Page 88 of The Girlfriend Zone

I turn off the phone when I arrive at Upside Down, grateful for the chance to spend time with my girl gang, working on new pole tricks at the studio Everly owns and dances at. I haven’t seen much of them since I’ve been working so hard, and I need the girl time.

I’m not a regular at pole like Everly or even Josie, but I like to go once a week. I’m not wild about the floor work—choreography isn’t my thing—but I love doing the tricks on the pole. They take strength, and that’s my jam.

As a new instructor named Jewel demonstrates a spin while blasting a sultry tune, I have to watch her moves more closely than usual. It’s hard to hear her instructions over the music. No, make that impossible.

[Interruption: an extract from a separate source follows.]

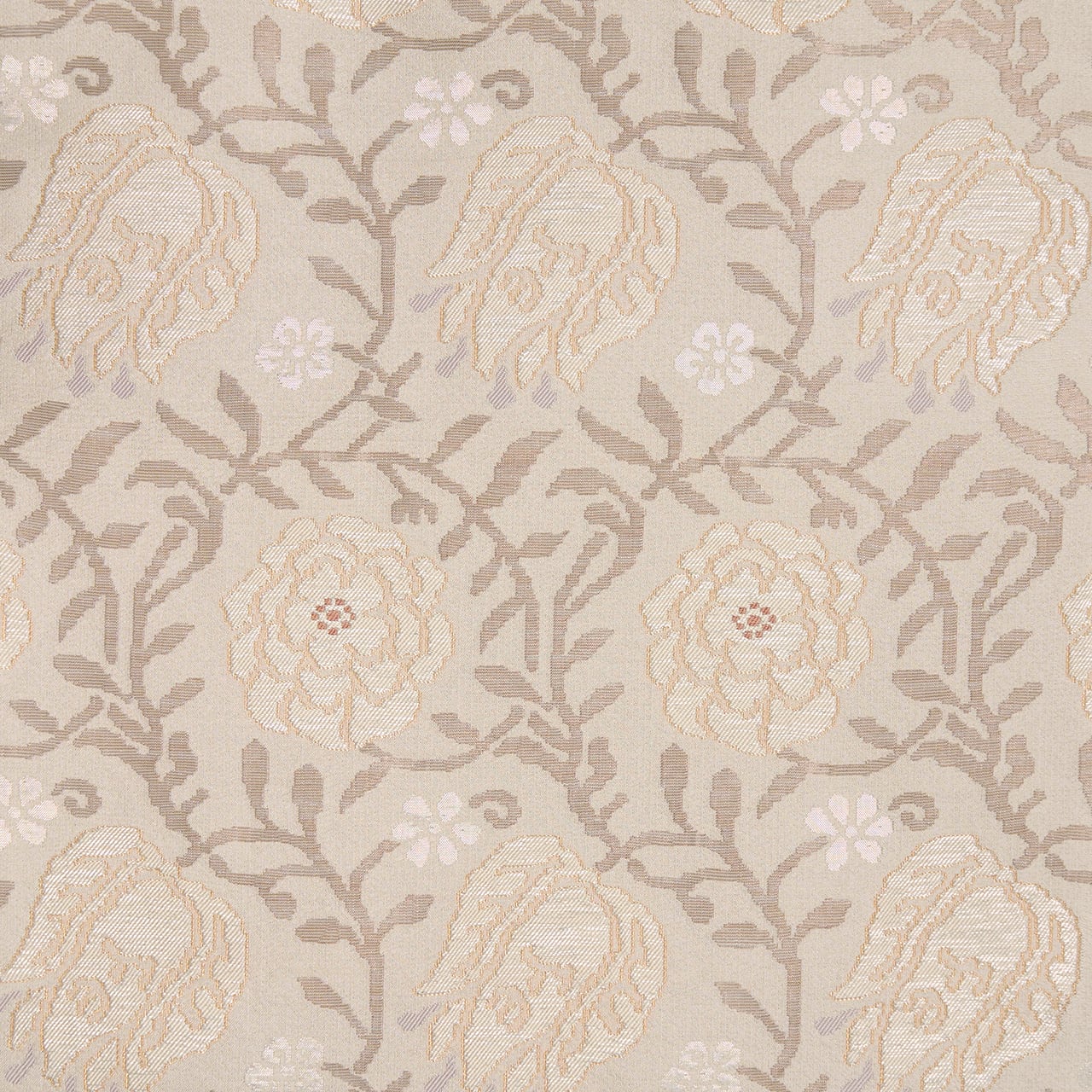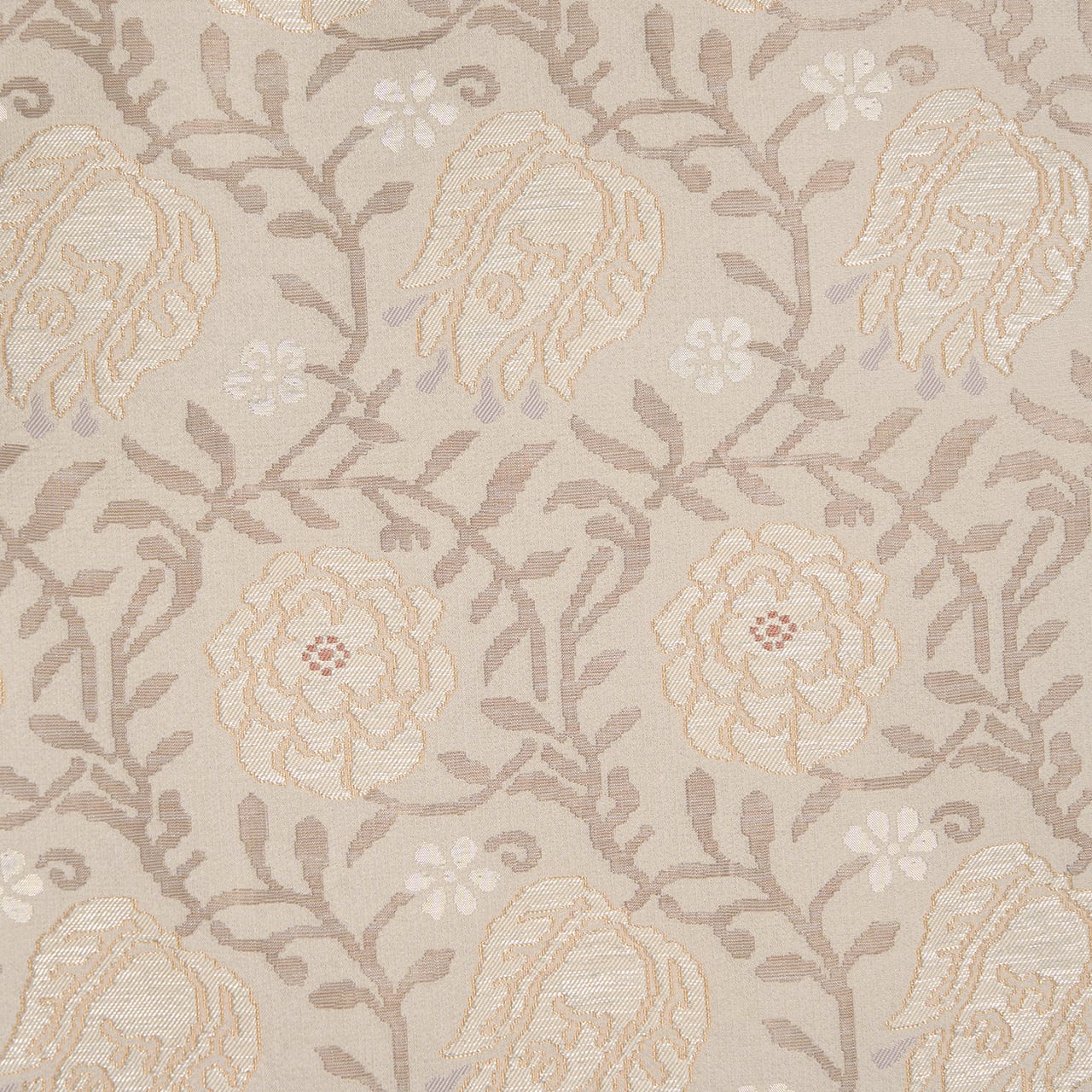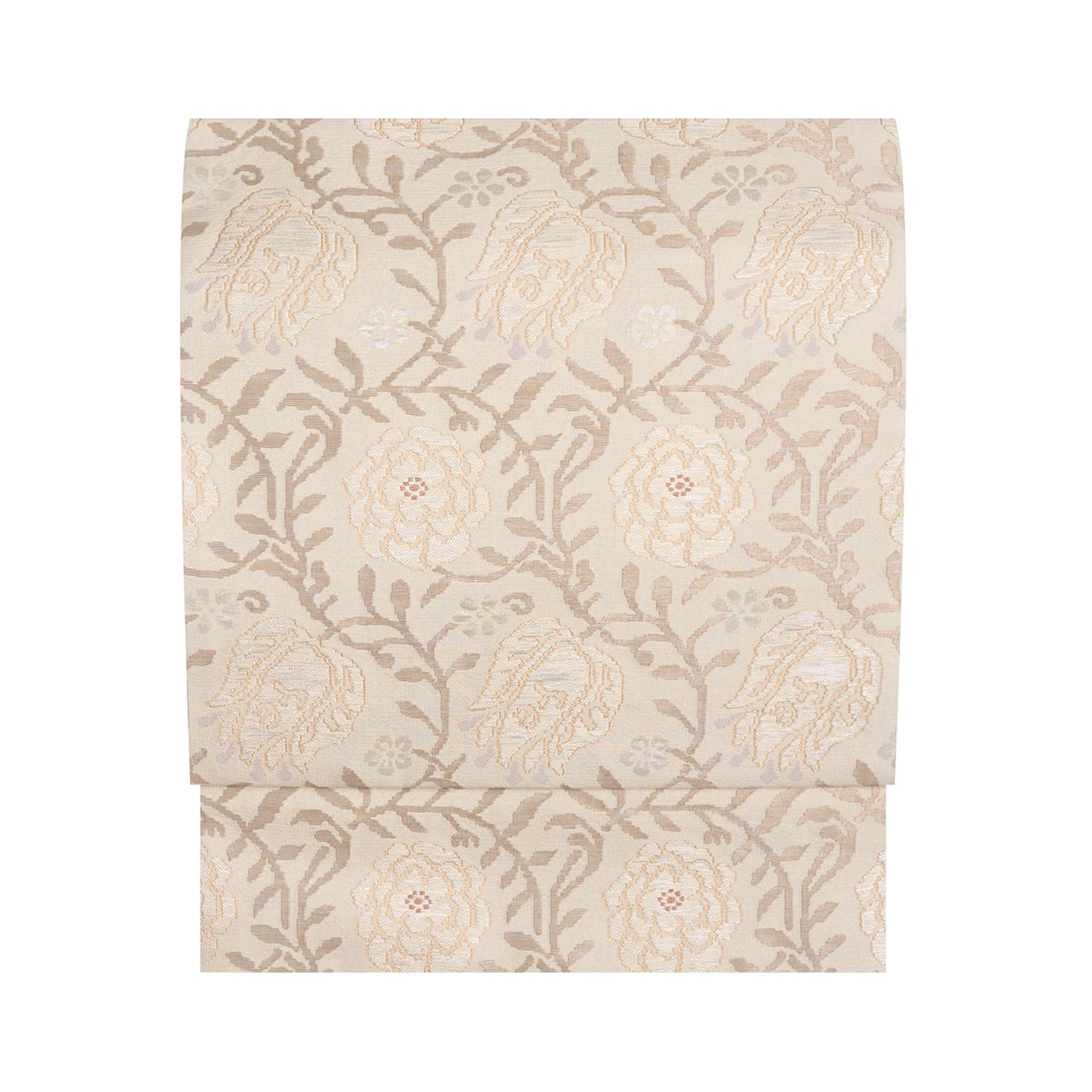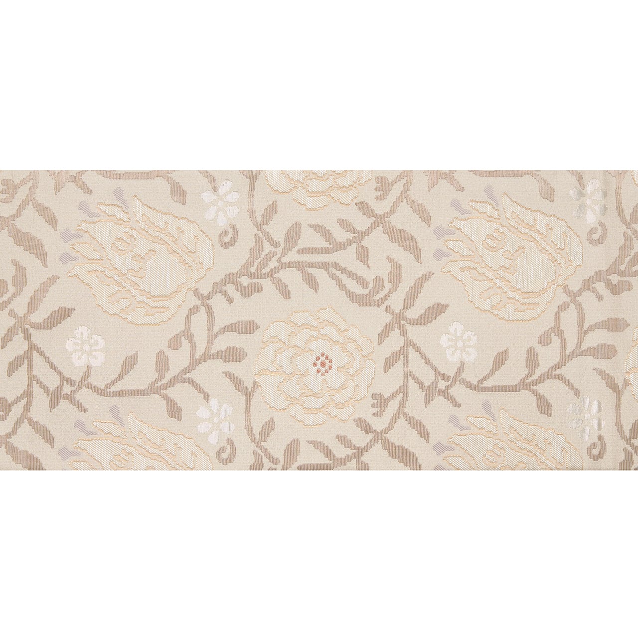 こちらの唐花の模様も、お花の部分は少しふくれたような織りになっていて、銀色の箔の糸も織り込まれたりして、白さが引き立つように工夫されています。

I could ask her to turn it down, but this is a me problem. I don’t want to draw attention to it. Besides, this is an opportunity to figure it out using my other senses.

My eyes.

I study her every move carefully and then imitate her. On the first try, I nail the move. Yes! It feels incredible to be strong enough to pull this off, to hang upside down with my hair spilling toward the floor.

Briefly, I wonder what Miles would think if he could see me like this. A sly smile creeps across my lips, knowing he’d probably lose his mind.

He’d stare hotly, like he did at our boudoir session, his eyes locked on me, waiting patiently for the moment I’d finish—just so he could close the distance between us, claim my lips, and murmur that I’m incredible.

I feel kind of incredible—both from the thrill of this fantasy and the satisfaction of nailing this move.

Maybe it doesn’t matter that I can’t always make out the instructor’s words. I have a rich interior life, and really, that has to be enough.

When class ends, I leave with my friends, Everly praising us for the progress we’ve all made over the past year.

“Are you all still enjoying class?” she asks, clearly hoping we’ll say yes.

Nerves race through me. I could mention the music volume to her. This is my chance, but something stops me. I don’t want to make my issue someone else’s issue. I have a workaround, and that’s good enough.

“I’m loving the tricks,” I say.

“You’re so good at them. The dance stuff not so much?”

“Not really, but I do understand it’s the foundation.”

“I like the floor stuff since I’m least likely to break all my bones on the floor,” Josie chimes in brightly.

Everly laughs, and Fable nods toward our favorite diner at the end of the block. “Does anyone want to take this into Moon Over Milkshakes?”

“Anything to keep me out of my own apartment,” I say, jumping at the chance—even if the music is blasting there too.

Josie pats me on the back as we walk. “We love being your escape pod from your roomies.”

“What’s the latest with them?” Everly asks with some concern.

I sigh. “They either fuck or fight. The other night, I came home to Indigo giving a detailed, painfulmonologue about how running out of mustard reminds her of childhood loss.”

Maeve rolls her eyes. “I get that we all have emotional wounds, but you can’t use them as crutches for everything in your life. Sometimes you just have to deal when there’s no fucking mustard,” she says, yanking open the door to the retro-themed diner.

Exactly.

Which is why I don’t ask the pole instructor—or the diner—to lower the music. Sometimes you just have to deal.

After we slide into a booth, a server pops over.

“I’ll take a chocolate milkshake as big as my head and the large fries,” I say.

When everyone else orders, Josie shoots me a sympathetic look. “As big as your head? You really need to numb the pain of your roomies, don’t you, friend?”

“I do,” I say, but the time with them does the trick—eating, gabbing, playing with Maeve’s tarot cards, and catching up. When it’s my turn to share, I tell them about my growing business.

“Get it, girl,” Everly says with a shimmy.